►

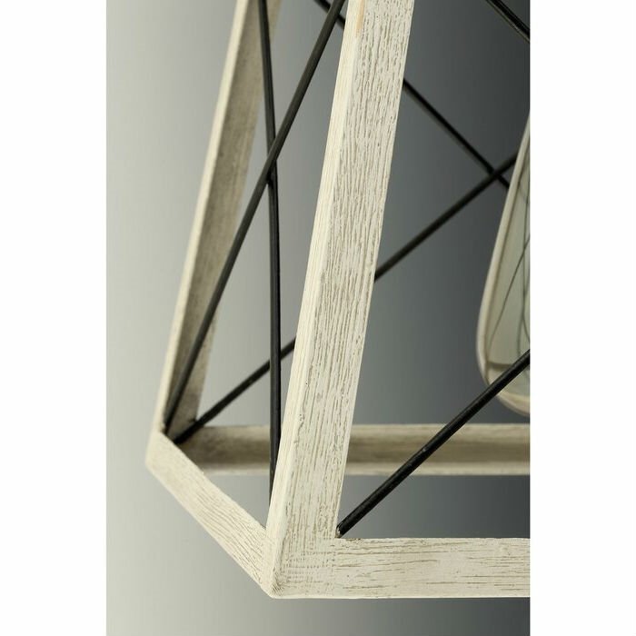 This Graphite Dimmable Light Lantern Geometric Chandelier crisscross metal supports lend a nod to barn door designs, while a painted faux wood finish enhances the open steel frame’s rustic character. This pendant accommodates dimmable 100 W maximum light (bulb NOT included). Compatible with standard and sloped ceilings.
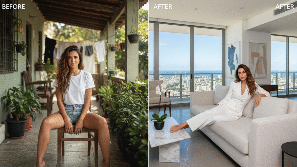 Com o Pack Premium – Fotos Profissionais com IA, você transforma qualquer foto que já tem no celular em ensaios super-realistas, com cenários incríveis e roupas novas — em segundos.
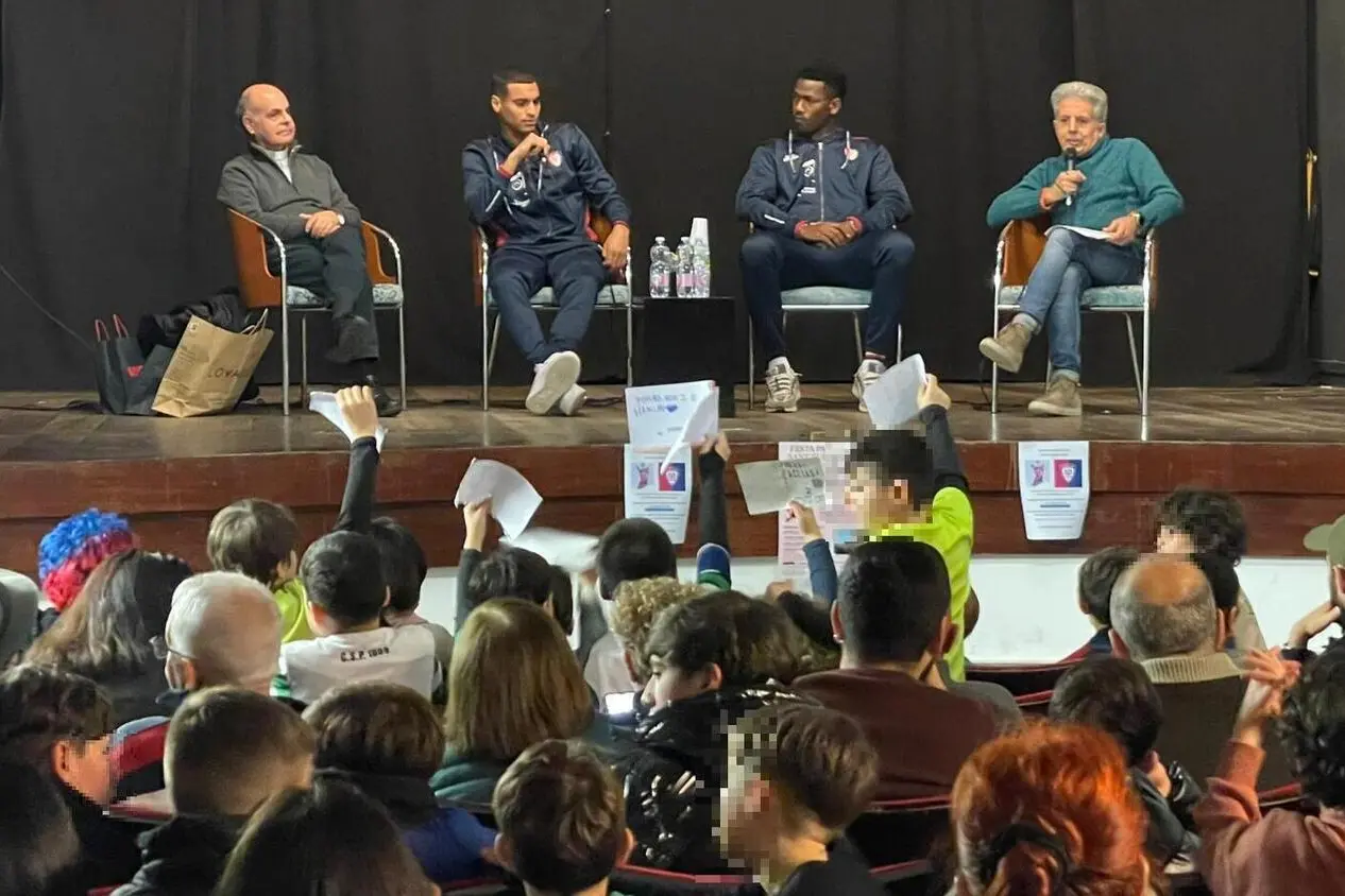 La parte più sana del tifo trasportata a teatro, con dei tifosi d’eccezione: bambini e ragazzi del quartiere Marina, che hanno accolto con tantissimo affetto i calciatori del Cagliari Riyad Idrissi e Yael Trepy. L’occasione è l’evento di apertura della festa di Sant’Eulalia, un incontro che ha messo i giovani a confronto con due protagonisti di questo inizio di 2026 rossoblù, dal titolo “I valori dello sport: scuola di amicizia e rispetto che educa alla giustizia e alla pace”.
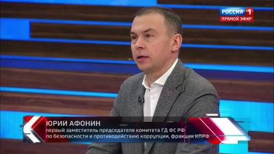 Первый заместитель Председателя ЦК КПРФ Ю. В. Афонин выступил в программе «60 минут» на телеканале «Россия-1».
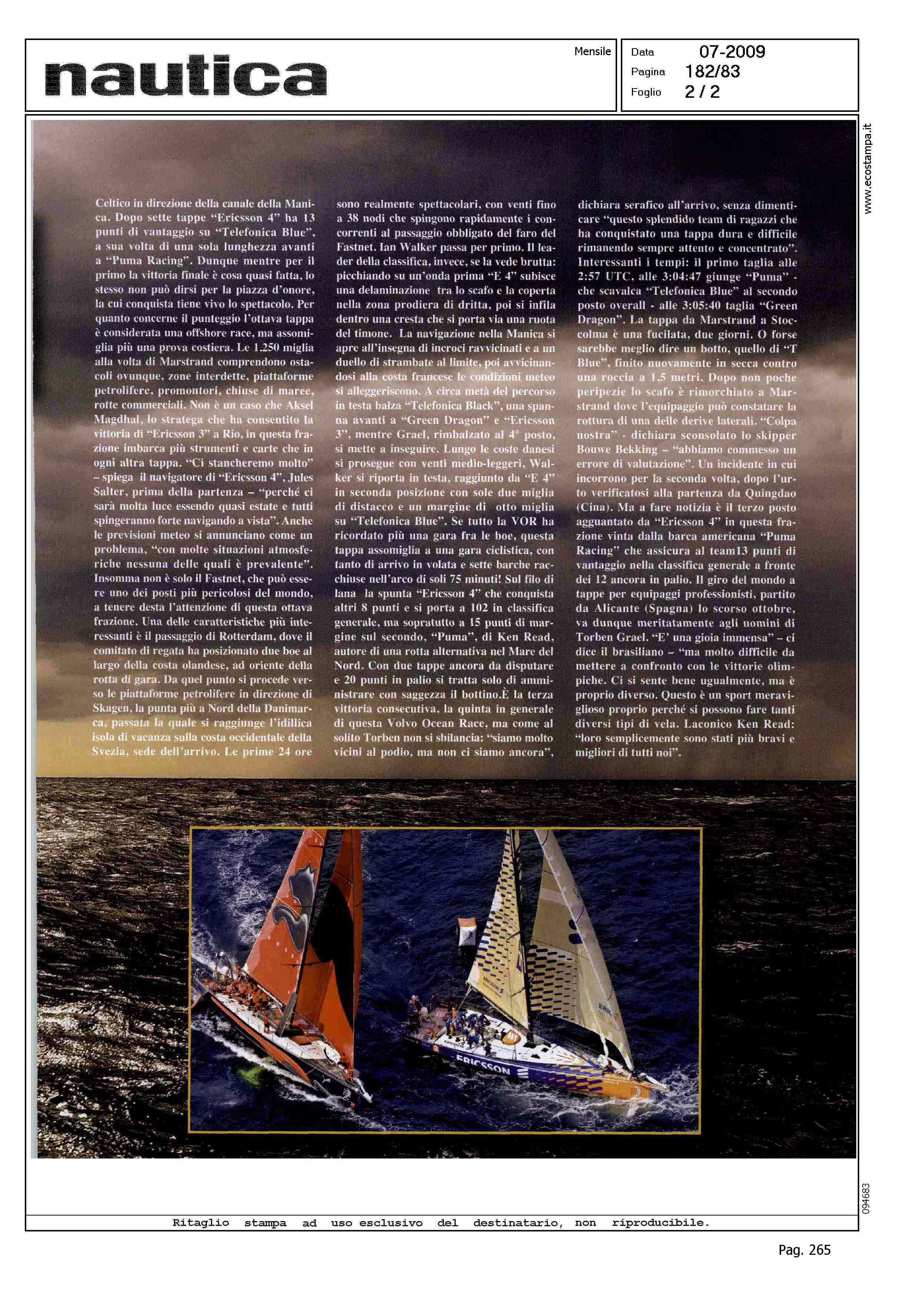 Author: NEGLIA, ROBERTOLine: Corporate Model: Corporate Subject: Volvo Ocean Race Title: GRAEL STRAVINCE LA VOLVO OCEAN RACE. IN-CONTINENTEHighlight:

◄

WORK INSTRUCTIONS: Restate word for word the lines running from the first line of the material to the line containing "Com o Pack Premium", inclusive, and drop every picture.

ANSWER SPACE:
 This Graphite Dimmable Light Lantern Geometric Chandelier crisscross metal supports lend a nod to barn door designs, while a painted faux wood finish enhances the open steel frame’s rustic character. This pendant accommodates dimmable 100 W maximum light (bulb NOT included). Compatible with standard and sloped ceilings.
 Com o Pack Premium – Fotos Profissionais com IA, você transforma qualquer foto que já tem no celular em ensaios super-realistas, com cenários incríveis e roupas novas — em segundos.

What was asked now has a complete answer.